More data is coming from the annual Sunshine State Survey.
This time, it shows that 85 percent of Floridians want people buying a gun or getting a gun license to get mental health screenings first.
Susan MacManus, the survey director and a political scientist at the University of South Florida, says that almost all Floridians agree on this issue.
"This is probably the most solid and most consensual opinion that we've seen in virtually the entire Sunshine State Survey," she says.
This fifth annual survey of Floridians also shows that women were most in favor of the screenings.
McManus says this information highlights how Floridians are linking mental health and recent mass shootings.
"When the perpetrator or the accused is finally captured and you peel back, what do you see almost always?" she says. "There is a link to some kind of mental health problem."

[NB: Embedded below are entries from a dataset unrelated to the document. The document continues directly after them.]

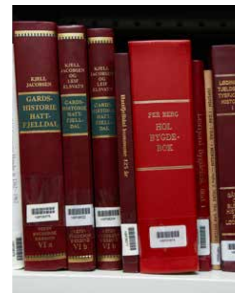
Har du slekt fra en gård på landsbygda er bygdebøkene et godt sted å lete etter tidligere generasjoner.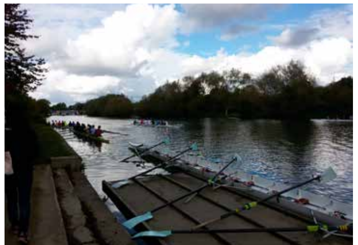
Vroegoggend roeissessie op die Teems - die mooiste tyd van die dag!

Om hier te studeer... is 'n droom - 'n fantastiese ervaring, maar ook nie ten volle werklikheid nie.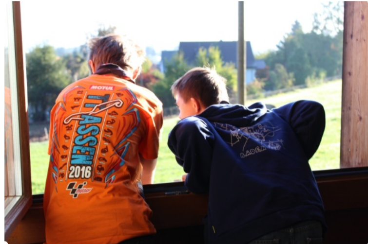
Morgenstimmung im Hela

bewiesen wir dem Traumjäger allerdings, dass er es nicht einfach mit irgendjemandem, sondern mit der PTA Baden, zu tun hat! Wir handelten mit ihm einen Deal aus: Wenn wir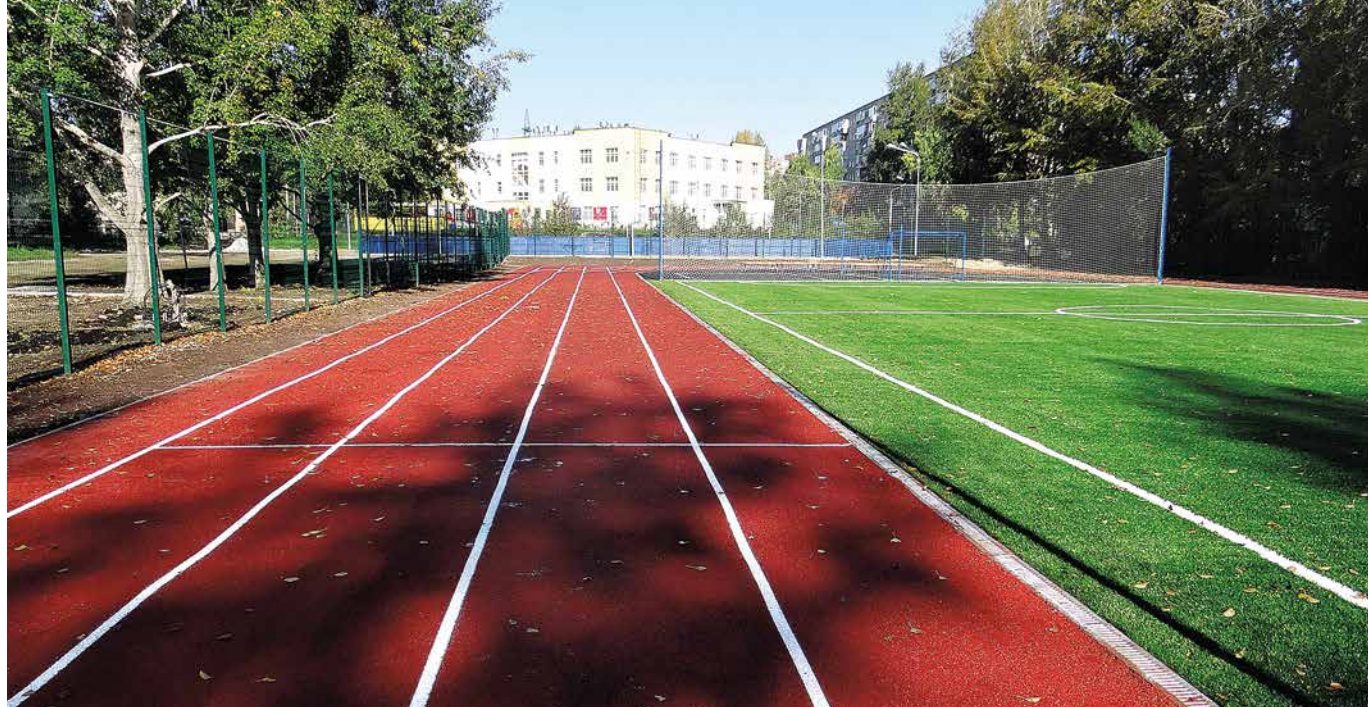
г. Екатеринбург, средняя школа № 4 (2)

г. Нижний Тагил. Комплекс трамплинов «Аист» (3)

Only three percent of the 1,200 adults surveyed had no opinion on this issue.
Data coming from the survey also shows that Floridians are uncomfortable with police officers using drones.

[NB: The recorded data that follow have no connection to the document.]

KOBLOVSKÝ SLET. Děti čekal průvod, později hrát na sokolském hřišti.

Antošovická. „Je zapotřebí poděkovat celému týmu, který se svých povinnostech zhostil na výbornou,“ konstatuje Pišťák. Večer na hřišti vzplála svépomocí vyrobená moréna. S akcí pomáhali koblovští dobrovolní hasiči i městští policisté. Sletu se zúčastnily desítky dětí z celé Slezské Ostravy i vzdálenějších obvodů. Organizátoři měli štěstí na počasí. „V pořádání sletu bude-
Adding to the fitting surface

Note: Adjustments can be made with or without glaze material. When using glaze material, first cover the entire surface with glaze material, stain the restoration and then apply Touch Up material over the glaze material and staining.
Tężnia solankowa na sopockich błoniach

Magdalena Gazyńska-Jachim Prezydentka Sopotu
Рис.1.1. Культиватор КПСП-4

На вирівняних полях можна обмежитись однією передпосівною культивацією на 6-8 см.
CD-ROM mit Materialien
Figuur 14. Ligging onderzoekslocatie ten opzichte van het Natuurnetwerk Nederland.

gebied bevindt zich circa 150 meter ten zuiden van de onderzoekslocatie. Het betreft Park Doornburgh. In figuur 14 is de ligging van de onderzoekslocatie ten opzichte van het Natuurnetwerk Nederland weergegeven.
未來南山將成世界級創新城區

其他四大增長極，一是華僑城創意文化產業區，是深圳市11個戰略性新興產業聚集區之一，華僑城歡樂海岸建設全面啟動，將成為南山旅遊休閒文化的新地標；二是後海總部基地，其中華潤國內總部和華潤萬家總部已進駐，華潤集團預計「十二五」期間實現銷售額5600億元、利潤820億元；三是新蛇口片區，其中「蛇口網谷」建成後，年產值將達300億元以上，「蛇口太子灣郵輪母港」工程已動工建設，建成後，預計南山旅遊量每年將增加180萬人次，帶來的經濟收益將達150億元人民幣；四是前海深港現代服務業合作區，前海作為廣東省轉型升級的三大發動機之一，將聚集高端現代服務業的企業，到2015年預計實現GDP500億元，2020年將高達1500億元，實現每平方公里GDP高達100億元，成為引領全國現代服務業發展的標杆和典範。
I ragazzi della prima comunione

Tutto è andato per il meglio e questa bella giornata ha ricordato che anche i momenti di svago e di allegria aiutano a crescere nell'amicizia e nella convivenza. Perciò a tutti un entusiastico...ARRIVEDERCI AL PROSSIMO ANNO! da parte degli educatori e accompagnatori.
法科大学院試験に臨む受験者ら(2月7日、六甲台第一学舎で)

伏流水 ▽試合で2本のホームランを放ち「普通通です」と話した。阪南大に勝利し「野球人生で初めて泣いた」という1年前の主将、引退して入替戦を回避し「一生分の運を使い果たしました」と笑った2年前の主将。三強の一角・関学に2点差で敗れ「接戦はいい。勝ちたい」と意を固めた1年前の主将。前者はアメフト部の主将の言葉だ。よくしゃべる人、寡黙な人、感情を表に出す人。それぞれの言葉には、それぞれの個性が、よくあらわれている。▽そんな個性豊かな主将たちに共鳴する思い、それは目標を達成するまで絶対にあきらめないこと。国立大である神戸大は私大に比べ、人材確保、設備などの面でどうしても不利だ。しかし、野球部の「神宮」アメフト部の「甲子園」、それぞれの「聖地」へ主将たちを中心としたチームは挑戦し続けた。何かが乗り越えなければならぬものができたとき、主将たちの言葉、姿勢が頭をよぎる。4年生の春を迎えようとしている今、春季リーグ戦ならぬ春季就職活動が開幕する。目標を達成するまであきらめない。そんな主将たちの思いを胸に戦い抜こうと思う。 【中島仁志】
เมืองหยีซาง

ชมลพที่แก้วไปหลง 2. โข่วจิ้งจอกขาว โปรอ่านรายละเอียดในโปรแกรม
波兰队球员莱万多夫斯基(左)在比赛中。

Ninety percent of those surveyed think wearing a body camera is a good policy, but believe drones are invasive. MacManus says some Floridians think the policy crosses a line.
"Some people see it as a privacy issue, an invasion of privacy," she says. "And others see it as more of a way of catching criminals and those are two very different opinions."

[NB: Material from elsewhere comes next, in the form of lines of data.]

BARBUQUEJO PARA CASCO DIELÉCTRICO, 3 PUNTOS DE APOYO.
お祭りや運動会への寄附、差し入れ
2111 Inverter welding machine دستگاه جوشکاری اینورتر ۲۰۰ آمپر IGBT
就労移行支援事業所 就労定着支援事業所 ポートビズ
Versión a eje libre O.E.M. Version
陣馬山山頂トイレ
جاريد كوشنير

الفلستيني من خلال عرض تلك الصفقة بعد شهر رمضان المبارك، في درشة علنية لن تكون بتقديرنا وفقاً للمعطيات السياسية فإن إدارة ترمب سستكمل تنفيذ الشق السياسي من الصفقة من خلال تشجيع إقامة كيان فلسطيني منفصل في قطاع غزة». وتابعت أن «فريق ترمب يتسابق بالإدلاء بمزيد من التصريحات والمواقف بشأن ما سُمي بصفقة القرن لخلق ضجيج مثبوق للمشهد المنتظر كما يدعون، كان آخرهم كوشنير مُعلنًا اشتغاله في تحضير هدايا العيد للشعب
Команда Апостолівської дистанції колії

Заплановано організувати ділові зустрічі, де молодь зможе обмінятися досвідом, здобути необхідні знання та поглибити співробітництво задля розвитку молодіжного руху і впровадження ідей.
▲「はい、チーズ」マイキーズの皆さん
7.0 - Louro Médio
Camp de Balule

Those in favor of drones has increased from 26 percent in 2014 to 31 percent this year.
MacManus says this is because of shifting opinions on protecting rights.
"There's been a lot of attention to the erosion of individual rights and attention to privacy," she says.
The survey says those in favor of drone use are generally older adults with full-time jobs and an income of at least $75,000 a year.
The survey says those in favor of drone use are generally older adults with full-time jobs and an income of at least $75,000 a year.
The survey is conducted by the University of South Florida and the Nielsen Company.